Niente di più diverso dal marchio Objects Are By, tutto fondato sulla libertà delle forme. Un design che si difende dalla classicità per tornare a un principio di comodità e di concretezza proprie alla comunità di giovani cosiddetti globalizzati. Non a caso i due fondatori, Jenny D. Pham e Phil America, si riferiscono proprio al frangersi continuo delle esistenze contemporanee. Altro che passato.
Objects Are By punta al futuro. Phil è statunitense, Jenny è originariamente tedesca, ma ormai abituata alle diramazioni di una postura scomposta, caotica, eccitante e mai radicata. La prima collezione in ceramica è dedicata a Milano, la città dove hanno fondato il marchio e interamente ispirata alla metropolitana. Ancora una volta, il passaggio, l’attraversamento, il viaggio. E di fatto la metropolitana, attenendosi al suo significato lessicale, è ciò che rende Milano la metropoli che è, ciò che rende possibile attraversarla, fenderla, parteciparvi – e che l’ha trasformata dal centro raccolto che era al modello collegato e trasmutabile di adesso, con diversi punti nevralgici che si snodano e si accumulano.

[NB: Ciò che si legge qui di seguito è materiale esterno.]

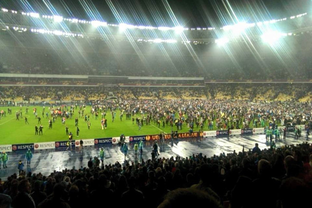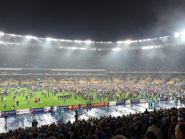 Після фінального свистка тисячі фанів вибігли на поле “Олімпійського”.

Vasi di dimensioni diverse, tazze, teiere e caraffe, vassoi, ciotole, bicchieri e portacandele che ricordano i suoi colori, il logo di Noorda, le creazioni di Franco Albini nel design dei corrimano, i puntini sulla pavimentazione, i tunnel notturni. Questa prima stagione include anche The Internet, una serie di coperte realizzate dalla direttrice creativa Elena Flores, a partire dal concetto capzioso di Internet, cioè del web, come spazio. Di nuovo navigabilità, transizione, sosta. Andare da un punto a un altro. Non fermarsi. Il processo di progettazione collaborativa si è basato su un ampio modello linguistico messo a punto dall’intelligenza artificiale: Flores si è avvalsa di Chat GPT per generare 100 prompt, presentati a Mid Journey allo scopo di creare arazzi tessuti e opere d’arte. Ha insomma trattato Internet, la tecnologia e il digitale, se fossero luoghi tangibili.

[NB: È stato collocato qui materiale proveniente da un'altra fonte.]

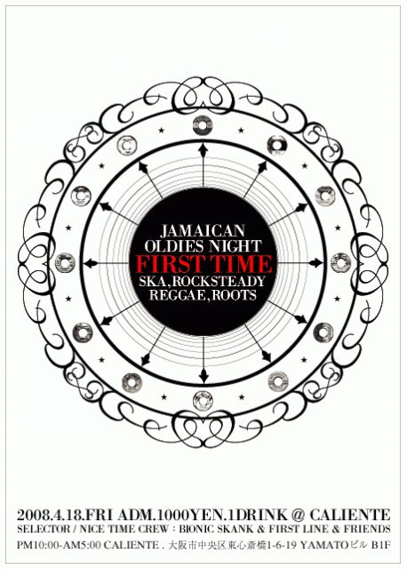 告知失礼します。 KING'S TONE LOUNGEにて毎月第二金曜日に開催中のNICE TIMEより、 NICE TIME CREWがCALIENTEで初めての出演。 今回は70's Reggae Roots & 80's Dancehall Classics。 ■FIRST TIME -Selectors Night- ■2008年4月18日(金)at.CALIENTE ■GUEST SELECTOR : SHOOTER(Drum & Bass)and Secret Guest!!!!! ■SELECTOR : NICE TIME CREW(Bionic Skank & First Line) ■START 23:00 / ADM.1000yen(w1drink) ■CALIENTE : 大阪市中央区東心斎橋1-6-19 YAMATOビル B1F http://homepage.mac.com/m_o_t

L’anteprima della seconda collezione sarà presentata alla Milan design week: un nuovo servizio da tavola in porcellana vietnamita, realizzata con la tecnica dell’areografia da Babybrush, celebre artista e fashion designer svizzero-italiano. Sempre rassicurante, semplice, adatta a tutti è la stampa floreale Unikko della casa di design finlandese Marimekko, che festeggia il suo sessantesimo anniversario. In collaborazione con Apartamento, il più influente magazine spagnolo dedicato all’arredamento di interni, il marchio ha acquisito un caffè milanese in via Stoppani, rinominandolo Bar Unikko per un pop-up di una settimana durante la design week. Una serie di spensierati oggetti da collezione in edizione limitata dalla colazione all’aperitivo.

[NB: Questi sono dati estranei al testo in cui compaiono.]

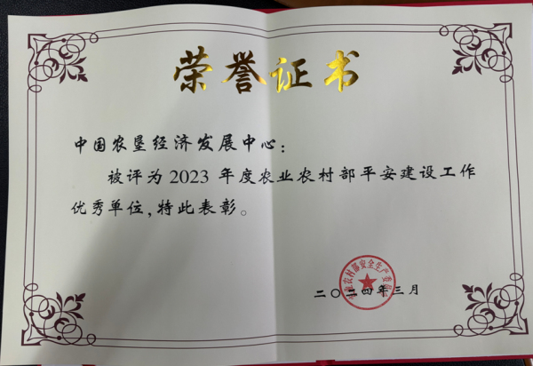 8.中心獲得2023年度農(nóng)業(yè)農(nóng)村部平安建設(shè)工作優(yōu)秀單位榮譽(yù)稱號(hào)。

E, per non farsi mancare niente, la sobria, antiquata, romantica eleganza della nuova collezione Laboratorio Paravicini, visibile presso lo Studio Mingotti e Giordano Architetti. Una via di mezzo, potremmo definirla, tra la contemporaneità scatenata e avanguardista e le atmosfere barocche del passato. L’acquiescenza terrena e riflessiva della vita di tutti i giorni.